From a high-level perspective, the Lambda architecture is as followed.
A valid approach of using Lambda in Azure could be as demonstrated below (please be aware that there are different options for each layer that I won’t be detailing in this blog).
For the speed layer we could use Azure Streaming Analytics, a serverless scalable event processing engine that enables the development and run of real-time analytics on multiple streams of data from sources such as devices, sensors, web sites, social media, and other applications.
For the batch layer, we could use Azure Data Lake Storage (ADLS) and Azure Databricks. ADLS is an enterprise-wide hyper-scale repository for big data analytic workloads that enable us to capture data of any size, type, and ingestion speed in one single place for operational and exploratory analytics. Currently there are two versions of ADLS, Gen 1 and Gen 2, with the latest still being in private preview.
Azure Databricks is an Apache Spark-based analytics platform optimized for the Microsoft Azure cloud services platform that allow us to create streamlined workflows and interactive workspaces that enables collaboration between data scientists, data engineers, and business analysts.
For the serving layer, we could use Azure Data Warehouse, a cloud-based Enterprise Data Warehouse (EDW) that leverages Massively Parallel Processing (MPP) to quickly run complex queries across petabytes of data.
With this architecture, the events are consumed by the Azure Streaming Analytics and landed in ADLS in flat files, that can be partitioned by hour. Once the processing of the file is completed, we can create a batch process via Azure Databricks and store the data in the Azure SQL Data Warehouse. To obtain the data that was not captured by the batch process, we can use Polybase to query the file being updated and then create a view to union both tables. Every time that view is queried, the polybase table will get the latest streamed data, meaning we have a real time query with the capability to obtain the most recent data.
The major problem of the Lambda architecture is that we have to build two separate pipelines, which can be very complex, and, ultimately, difficult to combine the processing of batch and real-time data, however, it is now possible to overcome such limitation if we have the possibility to change our approach.
Databricks Delta delivers a powerful transactional storage layer by harnessing the power of Apache Spark and Databricks File System (DBFS). It is a single data management tool that combines the scale of a data lake, the reliability and performance of a data warehouse, and the low latency of streaming in a single system.
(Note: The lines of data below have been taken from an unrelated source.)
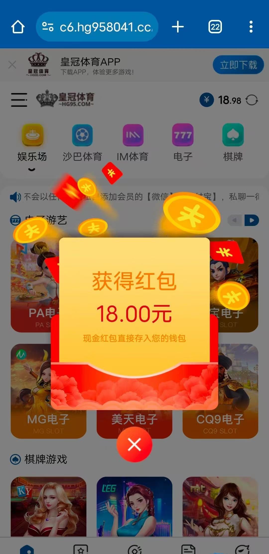 好久没登陆过,之前白嫖过一百,有号的可以去试试,别充值,地址 hg95.com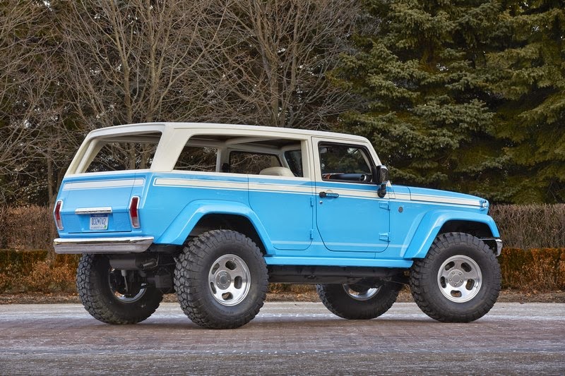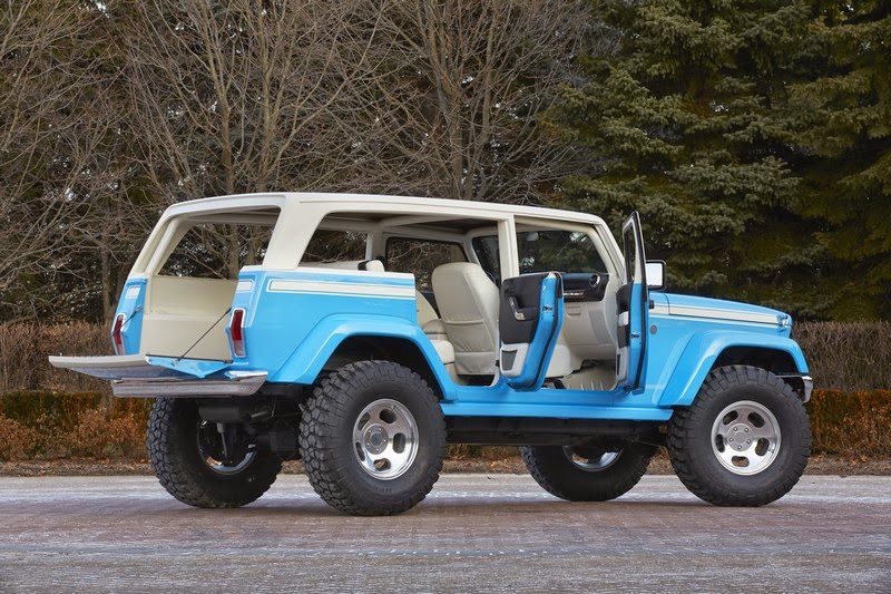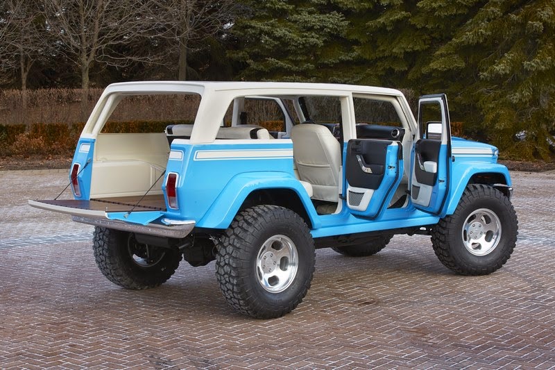 Custom exterior design cues include a vintage Ocean Blue exterior color scheme with a white, French Bread roof; a custom modified razor grille that the original Wagoneer made famous; halogen headlamps; removable sides for an open-air feel and flexible hauling; chrome front and rear bumpers and classic, 17-inch slotted mag wheels for a true ’70s vibe.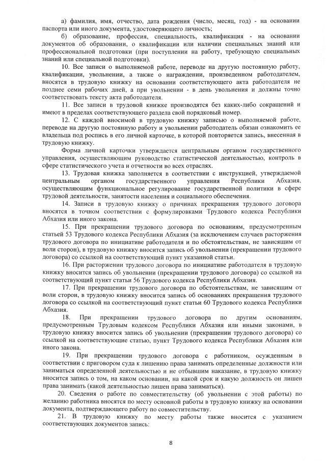 Постановление Кабинета Министров Республики Абхазия от 02.02.2019 №26 "Об утверждении Формы, Порядка ведения и хранения трудовых книжек"

The core abstraction of Databricks Delta is an optimized Spark table that stores data as parquet files in DBFS and maintains a transaction log that tracks changes to the table.
From a high-level perspective, the Databricks Delta architecture can be described as followed.
An Azure Databricks Delta Raw table stores the data that is either produced by streaming sources or is stored in data lakes. Query tables contains the normalized data from the Raw tables. Summary tables, often used as the source for the presentation layer, contains the aggregated key business metrics that are frequently queried. This unified approach means that there are less complexity due to the removal of storage systems and data management steps, and, more importantly, output queries can be performed on streaming and historical data at the same time.
In the next steps, I’ll demonstrate how to implement the Databricks Delta architecture using a python notebook.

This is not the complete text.